Directions:
Please return every record exactly as written, leaving out the pictures.

Stored items from a collection:

____________________

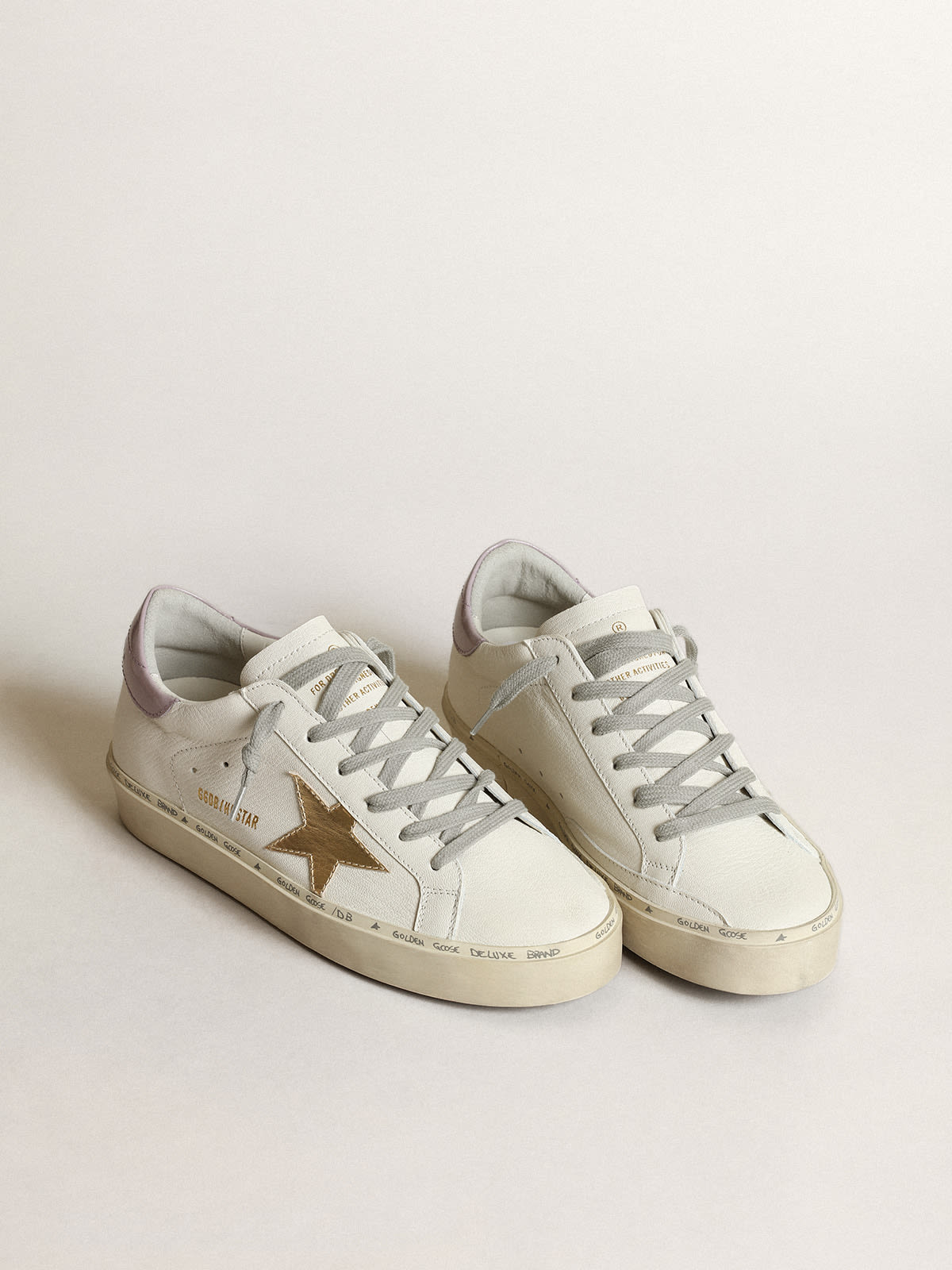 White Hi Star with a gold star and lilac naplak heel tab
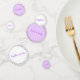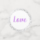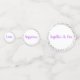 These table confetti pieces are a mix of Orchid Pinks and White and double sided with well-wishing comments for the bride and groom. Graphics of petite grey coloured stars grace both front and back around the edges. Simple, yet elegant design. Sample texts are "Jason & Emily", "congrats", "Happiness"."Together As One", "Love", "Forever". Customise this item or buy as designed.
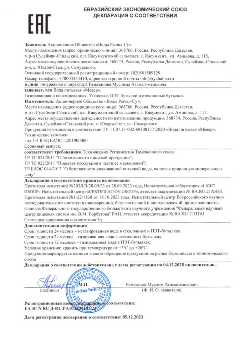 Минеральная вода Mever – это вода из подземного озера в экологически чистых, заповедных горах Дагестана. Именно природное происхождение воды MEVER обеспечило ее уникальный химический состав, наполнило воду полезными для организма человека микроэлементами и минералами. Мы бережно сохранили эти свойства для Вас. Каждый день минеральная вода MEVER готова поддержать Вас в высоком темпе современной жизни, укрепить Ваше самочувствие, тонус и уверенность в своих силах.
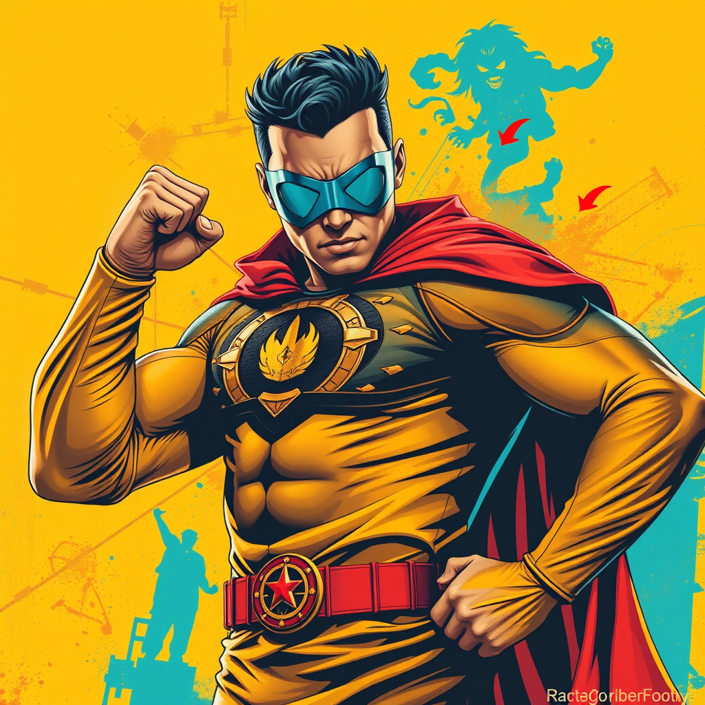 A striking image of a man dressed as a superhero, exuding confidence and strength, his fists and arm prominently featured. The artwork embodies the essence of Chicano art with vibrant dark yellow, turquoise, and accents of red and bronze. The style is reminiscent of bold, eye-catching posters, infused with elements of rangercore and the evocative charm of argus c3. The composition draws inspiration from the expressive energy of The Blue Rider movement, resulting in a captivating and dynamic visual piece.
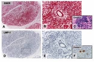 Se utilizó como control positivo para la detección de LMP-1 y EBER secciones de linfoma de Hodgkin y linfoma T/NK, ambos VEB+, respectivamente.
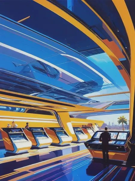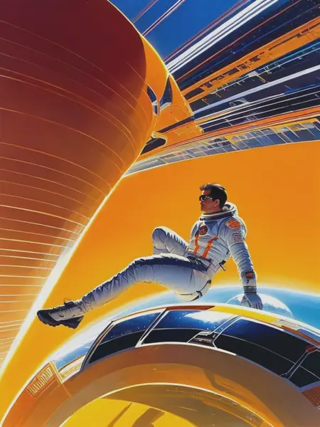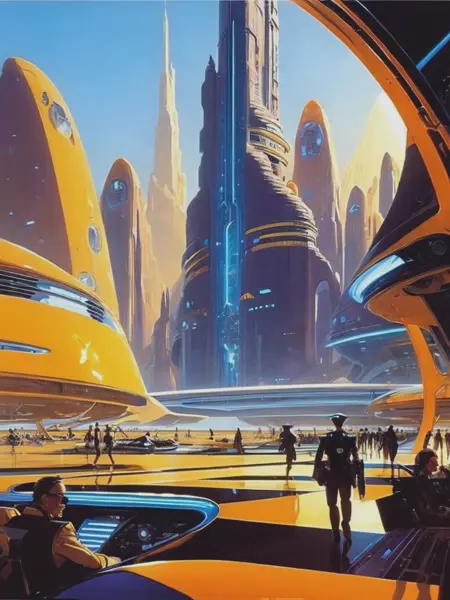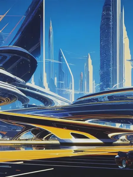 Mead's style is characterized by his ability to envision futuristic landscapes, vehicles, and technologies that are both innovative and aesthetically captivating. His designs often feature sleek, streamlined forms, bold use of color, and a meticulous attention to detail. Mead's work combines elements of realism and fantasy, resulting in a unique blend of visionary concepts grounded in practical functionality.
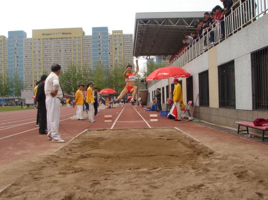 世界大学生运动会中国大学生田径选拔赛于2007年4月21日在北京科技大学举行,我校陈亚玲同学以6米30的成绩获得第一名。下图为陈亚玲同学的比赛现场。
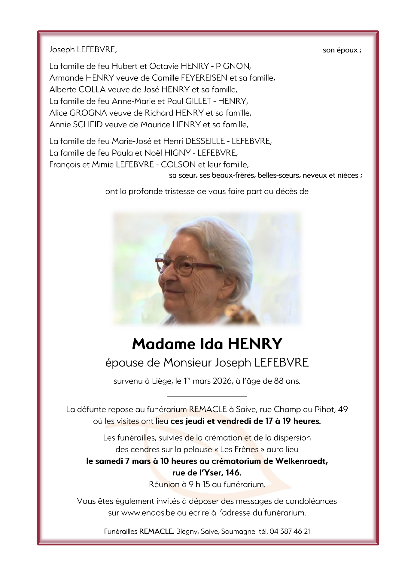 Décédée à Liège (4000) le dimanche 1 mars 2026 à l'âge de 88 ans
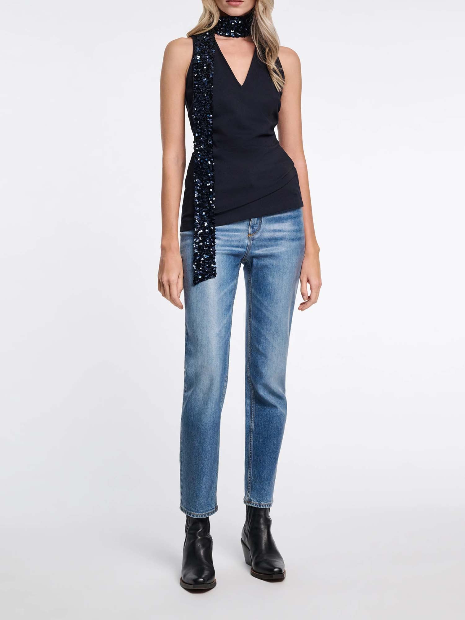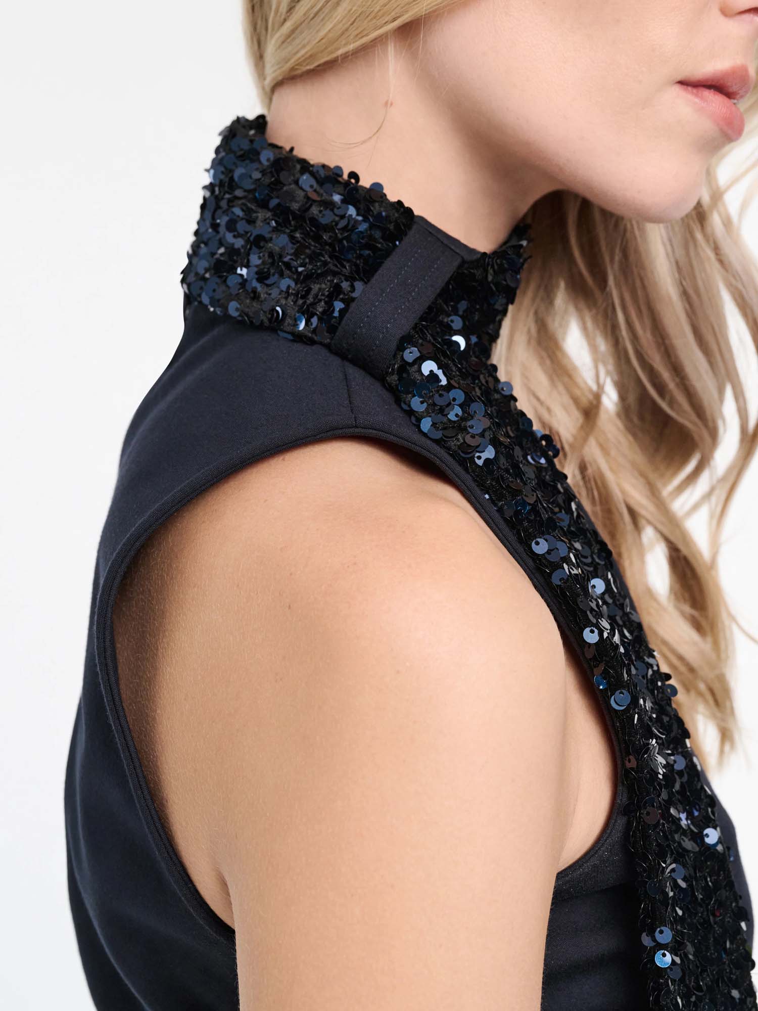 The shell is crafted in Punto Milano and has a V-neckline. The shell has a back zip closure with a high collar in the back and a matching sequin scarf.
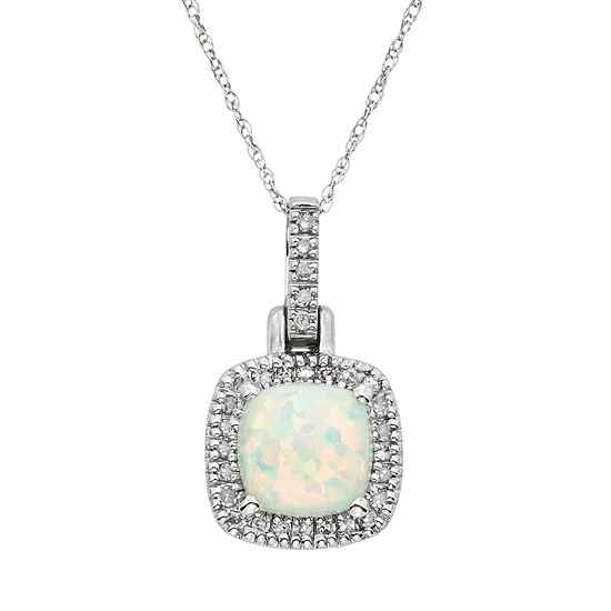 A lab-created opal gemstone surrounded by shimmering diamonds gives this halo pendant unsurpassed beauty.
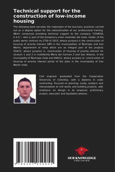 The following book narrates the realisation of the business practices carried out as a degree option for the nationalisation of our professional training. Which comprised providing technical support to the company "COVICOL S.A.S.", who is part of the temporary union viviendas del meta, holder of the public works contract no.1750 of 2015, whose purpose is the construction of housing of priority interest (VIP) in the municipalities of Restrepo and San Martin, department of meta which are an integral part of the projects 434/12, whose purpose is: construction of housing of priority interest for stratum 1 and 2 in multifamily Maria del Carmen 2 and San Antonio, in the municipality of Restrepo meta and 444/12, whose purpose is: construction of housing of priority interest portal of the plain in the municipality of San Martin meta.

____________________

Solution:
 White Hi Star with a gold star and lilac naplak heel tab
 These table confetti pieces are a mix of Orchid Pinks and White and double sided with well-wishing comments for the bride and groom. Graphics of petite grey coloured stars grace both front and back around the edges. Simple, yet elegant design. Sample texts are "Jason & Emily", "congrats", "Happiness"."Together As One", "Love", "Forever". Customise this item or buy as designed.
 Минеральная вода Mever – это вода из подземного озера в экологически чистых, заповедных горах Дагестана. Именно природное происхождение воды MEVER обеспечило ее уникальный химический состав, наполнило воду полезными для организма человека микроэлементами и минералами. Мы бережно сохранили эти свойства для Вас. Каждый день минеральная вода MEVER готова поддержать Вас в высоком темпе современной жизни, укрепить Ваше самочувствие, тонус и уверенность в своих силах.
 A striking image of a man dressed as a superhero, exuding confidence and strength, his fists and arm prominently featured. The artwork embodies the essence of Chicano art with vibrant dark yellow, turquoise, and accents of red and bronze. The style is reminiscent of bold, eye-catching posters, infused with elements of rangercore and the evocative charm of argus c3. The composition draws inspiration from the expressive energy of The Blue Rider movement, resulting in a captivating and dynamic visual piece.
 Se utilizó como control positivo para la detección de LMP-1 y EBER secciones de linfoma de Hodgkin y linfoma T/NK, ambos VEB+, respectivamente.
 Mead's style is characterized by his ability to envision futuristic landscapes, vehicles, and technologies that are both innovative and aesthetically captivating. His designs often feature sleek, streamlined forms, bold use of color, and a meticulous attention to detail. Mead's work combines elements of realism and fantasy, resulting in a unique blend of visionary concepts grounded in practical functionality.
 世界大学生运动会中国大学生田径选拔赛于2007年4月21日在北京科技大学举行,我校陈亚玲同学以6米30的成绩获得第一名。下图为陈亚玲同学的比赛现场。
 Décédée à Liège (4000) le dimanche 1 mars 2026 à l'âge de 88 ans
 The shell is crafted in Punto Milano and has a V-neckline. The shell has a back zip closure with a high collar in the back and a matching sequin scarf.
 A lab-created opal gemstone surrounded by shimmering diamonds gives this halo pendant unsurpassed beauty.
 The following book narrates the realisation of the business practices carried out as a degree option for the nationalisation of our professional training. Which comprised providing technical support to the company "COVICOL S.A.S.", who is part of the temporary union viviendas del meta, holder of the public works contract no.1750 of 2015, whose purpose is the construction of housing of priority interest (VIP) in the municipalities of Restrepo and San Martin, department of meta which are an integral part of the projects 434/12, whose purpose is: construction of housing of priority interest for stratum 1 and 2 in multifamily Maria del Carmen 2 and San Antonio, in the municipality of Restrepo meta and 444/12, whose purpose is: construction of housing of priority interest portal of the plain in the municipality of San Martin meta.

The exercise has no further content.